14. ESB’s position is that the Wayleave Notice, Deed of Easement and payment information are not “environmental information” as these constitute mere follow-on matters which occur after a decision on line placement has already occurred and are thus not capable of having an environmental impact in the manner required by the AIE Regulations. It accepts that projects involving the placement of electricity lines are measures or activities likely to affect the environment “in the sense that such activities might pose a ‘real and substantial possibility’ of affecting” elements and factors of the environment referred to in paragraphs (a) and (b) of the definition contained in article 3(1) of the Regulations. However, ESB relies on the fact that the process through which decisions on the placement of transmission lines is undertaken and implemented involves distinct procedures carried out by separate actors (i.e. EirGrid which decides on line placement of transmission lines and ESB which implements those decisions by arranging for the construction and maintenance of the lines). ESB’s argument is that the decision on where a transmission line is to be placed is set in stone before a wayleave notice is served, before any easement acquisition occurs and before any compensation is paid. Its argument is that the environmental “die is cast” by the time a wayleave notice is served and that all considerations and decisions, both generally, and insofar as they might impact on the elements and factors of the environment, will have been made. Its position therefore is that all later, follow-on, or consequential matters, such as easement acquisition, and compensation for loss of development, or devaluation of property, will not affect the already-determined plan or the decisions that have been made (in the first instance by EirGrid, not ESB). It therefore argues that information on wayleaves, easement acquisition or compensation is not information “on” the line placement project nor can any of those matters themselves be a measure or activity within the meaning of article 3(1)(c).

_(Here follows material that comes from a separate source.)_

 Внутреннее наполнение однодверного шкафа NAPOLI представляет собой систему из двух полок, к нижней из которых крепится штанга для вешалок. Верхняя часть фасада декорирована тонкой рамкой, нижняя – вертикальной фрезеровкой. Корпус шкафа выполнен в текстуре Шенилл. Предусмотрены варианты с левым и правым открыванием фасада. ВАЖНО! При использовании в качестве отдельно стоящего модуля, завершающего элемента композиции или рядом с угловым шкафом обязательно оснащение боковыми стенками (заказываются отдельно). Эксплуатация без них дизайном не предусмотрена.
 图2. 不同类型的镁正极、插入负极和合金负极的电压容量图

Legal framework for placement of electricity infrastructure
15. In order to assess ESB’s argument, it is necessary to analyse the legal framework relating to the placement of electricity lines on land and the provision of compensation to affected landholders. While historically, many of the functions related to the generation and provision of electricity in the Irish market were carried out by ESB, the liberalisation of the market has diversified electricity generation, transmission and supply. Section 14 of the Electricity Regulation Act 1999 empowers the Commission for Regulation of Utilities to grant licences “to any person” to generate and supply electricity as well as to discharge the functions of transmission system operator, transmission system owner, distribution system operator, public electricity supplier and Distribution System Owner. The 1999 Act also provides that a licence to act as transmission system operator may only be granted to EirGrid while a licence to discharge the functions of transmission system owner, distribution system operator, public electricity supplier and Distribution System Owner may only be granted to ESB or, in the case of transmission system owner and distribution system operator, to one of its subsidiaries. As such, both ESB and EirGrid bear a degree of responsibility for the construction and operation of the electricity transmission system.

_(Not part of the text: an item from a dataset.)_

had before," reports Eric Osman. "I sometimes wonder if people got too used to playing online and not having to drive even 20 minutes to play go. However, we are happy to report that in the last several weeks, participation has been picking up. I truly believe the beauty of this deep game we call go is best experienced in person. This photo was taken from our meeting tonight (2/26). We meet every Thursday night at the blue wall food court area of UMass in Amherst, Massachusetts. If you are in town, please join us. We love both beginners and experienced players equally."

16. ESB submits that EirGrid, in its capacity as transmission system operator, is responsible for planning the development of the transmission system while ESB, as the transmission asset owner, is responsible for constructing and maintaining transmission lines on foot of instructions from EirGrid. It submits therefore that decisions with regard to the placement of transmission lines are undertaken by EirGrid. It is EirGrid’s responsibility to comply with the regulatory requirement to identify the “least cost technically acceptable” (LCTA) solution and to obtain any planning permissions required with respect to the line placement.
17. ESB submits that once the location of the line placement is decided by EirGrid, ESB makes preparations for the construction of the line and is also responsible for maintenance of the line, once constructed. As part of its preparations for construction, ESB must serve a Wayleave Notice on the owners and occupiers of any lands impacted by the line placement.
18. The service of a Wayleave Notice is governed by section 53 of the Electricity Supply Act 1927 as amended. Section 53 permits ESB to place electricity lines above or below ground across any land and to affix support infrastructure to any buildings on such land provided a notice is served on the owner and occupier “stating [ESB’s] intention to place the line or attach the fixture (as the case may be) and giving a description of the nature of the line or fixture and of the position and manner in which it is intended to be placed or attached”. Section 53(4) provides that ESB may proceed to place the line or attach the fixture if the owner or occupier provides consent within seven days of receipt of the Wayleave Notice and that such consent may be unconditional or subject to conditions which are acceptable to ESB. If the owner or occupier’s consent is not forthcoming, section 53(5), as amended by section 1 of the Electricity (Supply) (Amendment) Act 1985, allows ESB to proceed with the placement of the line or fixture, subject to the entitlement of the owner or occupier to compensation which is to be assessed in default of agreement under the provisions of the Acquisition of Land (Assessment of Compensation) Act.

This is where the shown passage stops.